Но всё же служанка периодически волей-неволей, но поглядывала на девочку с нескрываемыми любопытством и лёгкой завистью. Та, не привыкшая, видимо, к такому вниманию, слегка склонила голову в знак приветствия и смущённо зажмурилась.
- Приветствую вас, моя госпожа, - Умеко поклонилась в ответ, и неожиданно услышала тихий, возможно, слегка низкий для такой милой девочки голос:
- Прошу вас, не называйте меня госпожой! Меня зовут Хотару.
Умеко так и застыла со слегка приоткрытым ртом. Образ, выстроенный ею в воображении, мигом на мелкие кусочки рассыпался. Ну как можно нечистые замыслы заподозрить у столь кроткого и юного создания?
- Как скажете, то есть, как скажешь, - торопливо поправилась Умеко: всё же неловко ей было называть новую фаворитку своего господина на «ты».
- Спасибо. А могу ли я ваше имя узнать?
Невольно ощутила себя невероятно важной особой Умеко: ещё бы, столь высокопоставленная особа, а к служанке уважительно обращается. Хотя, может, не осознаёт она ещё до конца нынешней высоты положения своего?
- Меня зовут Умеко, и отныне я полностью в вашем… твоём распоряжении.
«Уфф, трудно же, однако!» - слишком увлечённая своими фантазиями служанка никак не могла состыковать придуманный образ с реальностью, и оттого тяжело ей было нормальным образом с Хотару говорить.

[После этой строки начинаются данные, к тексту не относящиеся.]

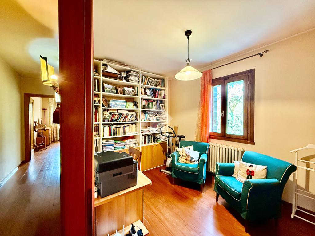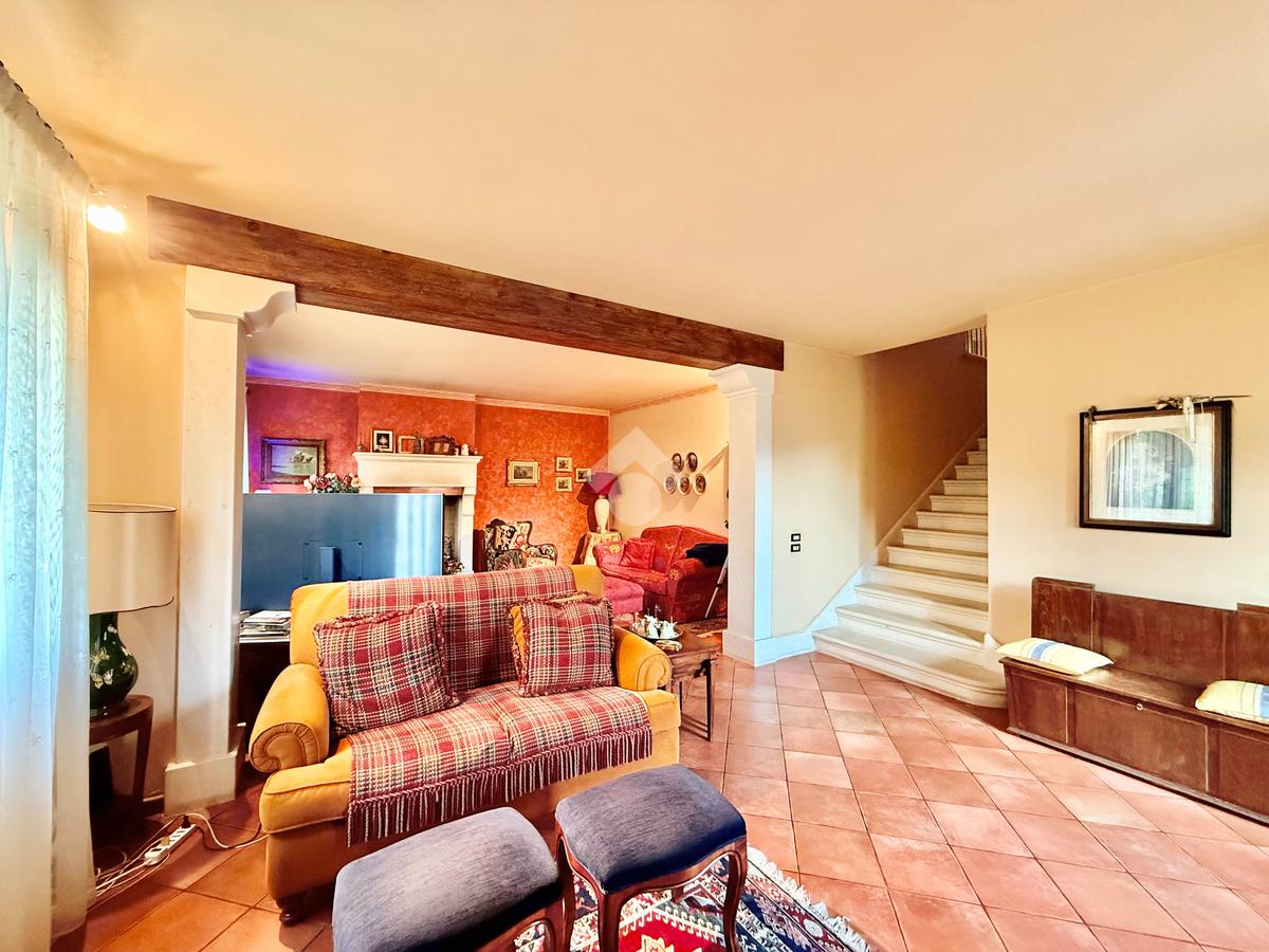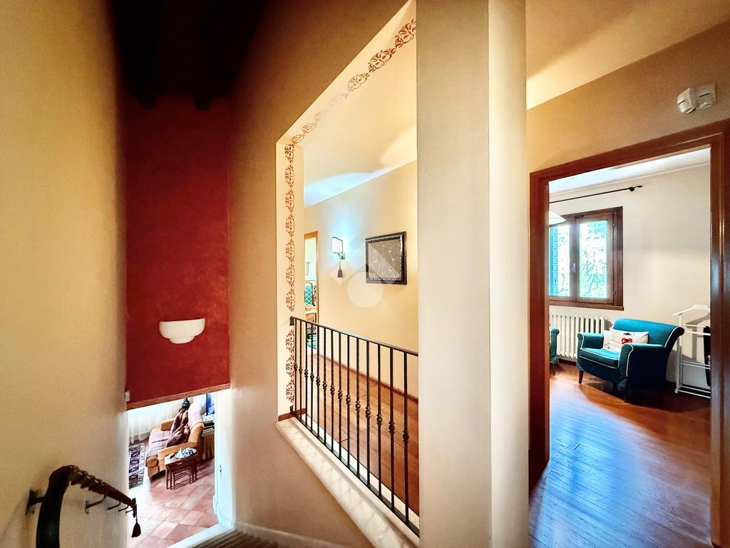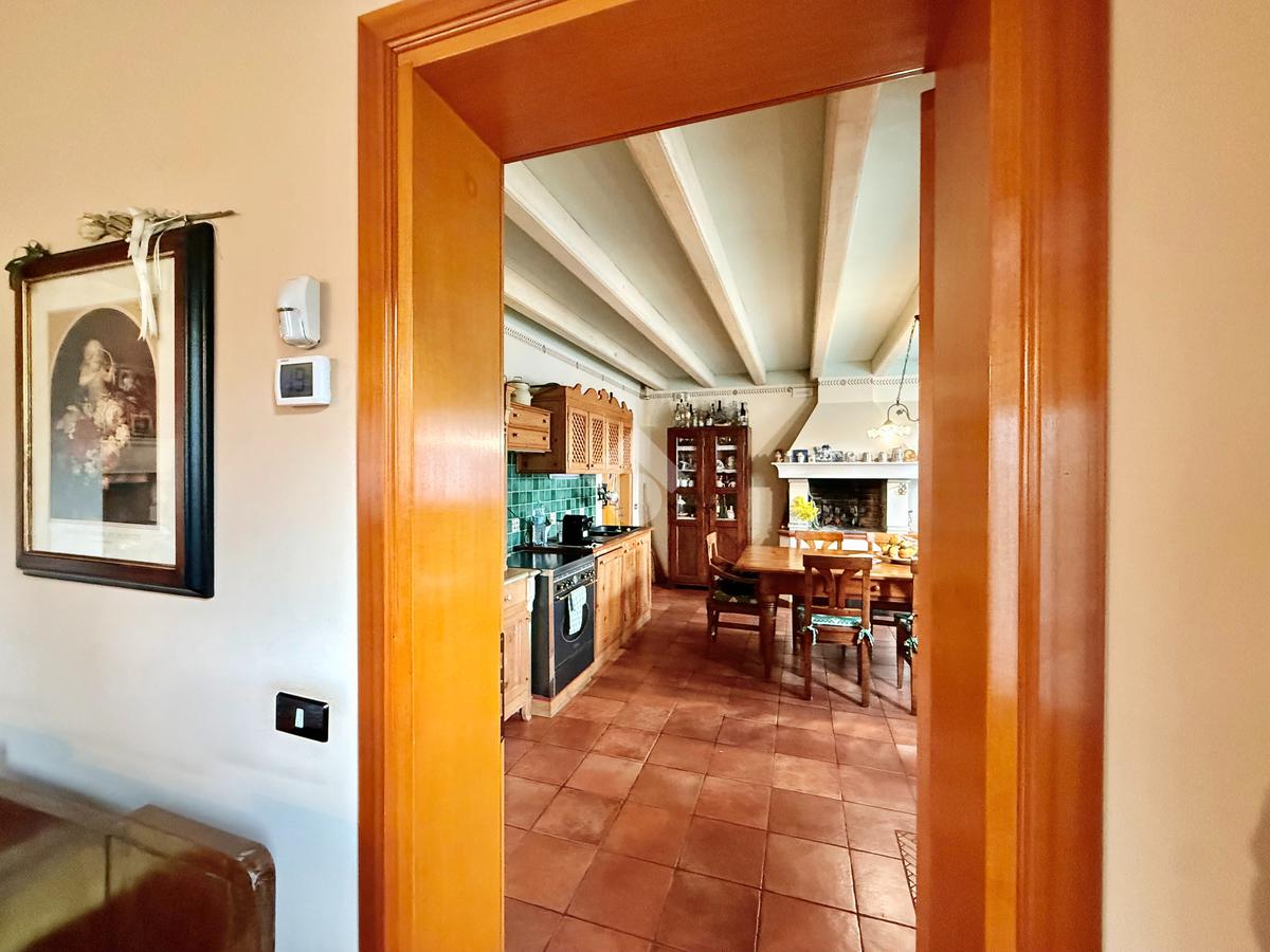Al piano terra portico che introduce alla zona giorno con salotto impreziosito da camino a legna, cucina abitabile separata con delizioso caminetto e stufa. Nello stesso piano, disimpegno con pratica lavanderia e garage singolo.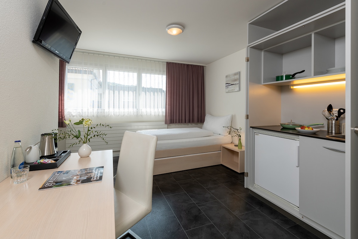 Herzlich Willkommen in unserem kleinen traditionsreichen Hotel, familiäres Umfeld und persönlich geführt. Im Studiozimmer mit Kochnische hast Du Deine kleine eigene Wohnung. Auf Wunsch und Aufpreis ist das Frühstück im Hotel möglich. Einkaufsmöglichkeiten, Restaurants, Bus- und Bahn sind nur wenige Schritte von uns entfernt. Parkieren kannst Du kostenfrei. Wir freuen uns auf Deinen Besuch.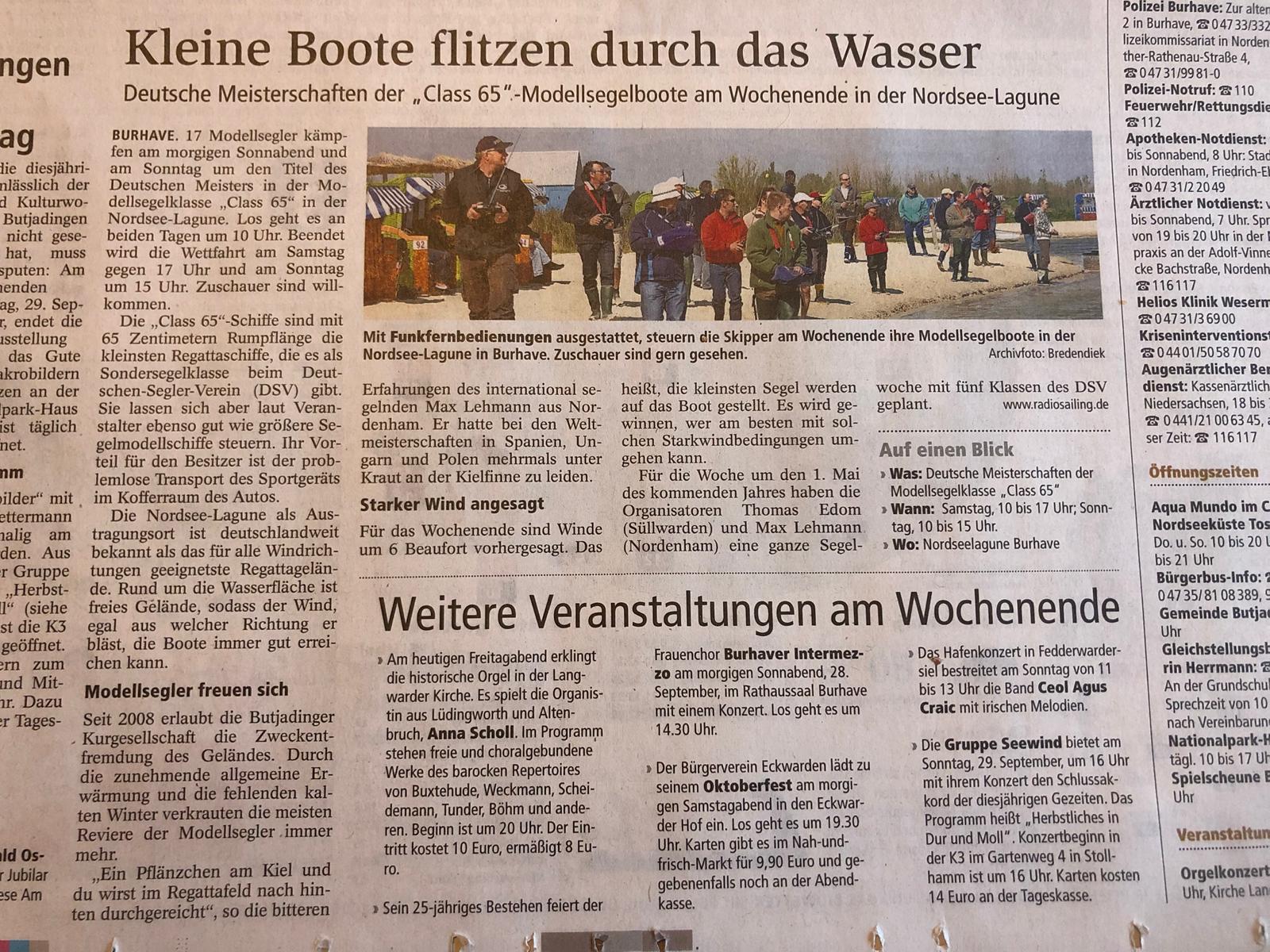 Die Deutsche Meisterschaft 2019 der C65 fand in Burhave statt. Wenn man nach Burhave eingeladen wird, heißt das, man fährt zu einem der besten Reviere für uns RC-Segler in Deutschland. Dies gilt für das Revier wie für die Organisation.

Но, вспомнив, наконец, о приказе господина своего, принялась кругом девочки хлопотать Умеко:
- Думаю, следует уложить волосы, да и переодеться. Господин приказал принести для вас покуда старую одежду госпожи Наоко: не беспокойтесь, это лишь на время, думаю, господин позже прикажет сшить одежду по вашим меркам…
Хлопоча, Умеко слегка дотронулась до плеча девочки – и та шарахнулась, точно испуганный зверёк. Недоумённо посмотрела на неё служанка: в конце концов, что тут такого?
- Я… можно я сама переоденусь? Мне стыдно перед кем-то тело своё показывать, - неожиданно откровенно произнесла девочка, и Умеко в очередной раз вынуждена была осознать, сколь сильно от придуманного ей образа новая госпожа отличается. Хотела она было снова возразить, но после подумала, что не будет особого вреда, ежели сама переоденется Хотару.
- Одежда на кровати. Если настаиваешь, я пойду, - и, не поворачиваясь к новой госпоже спиной, попятилась Умеко к дверям. Так, спиной вперёд, она и покинула спальню.
«И всё-таки она славная девочка», - невольно подумалось служанке. Естественно, вслух она подобного себе сказать не позволила.

Всегда, с самого детства, Хотару учили никогда и ни при каких обстоятельствах не лгать.
«Но кому станет плохо от этой твоей лжи?..» - украдкой протянул внутренний голос, - «К тому времени, как ты станешь старше, уже, скорее всего, охладеет к тебе господин. И мама твоя вылечится…»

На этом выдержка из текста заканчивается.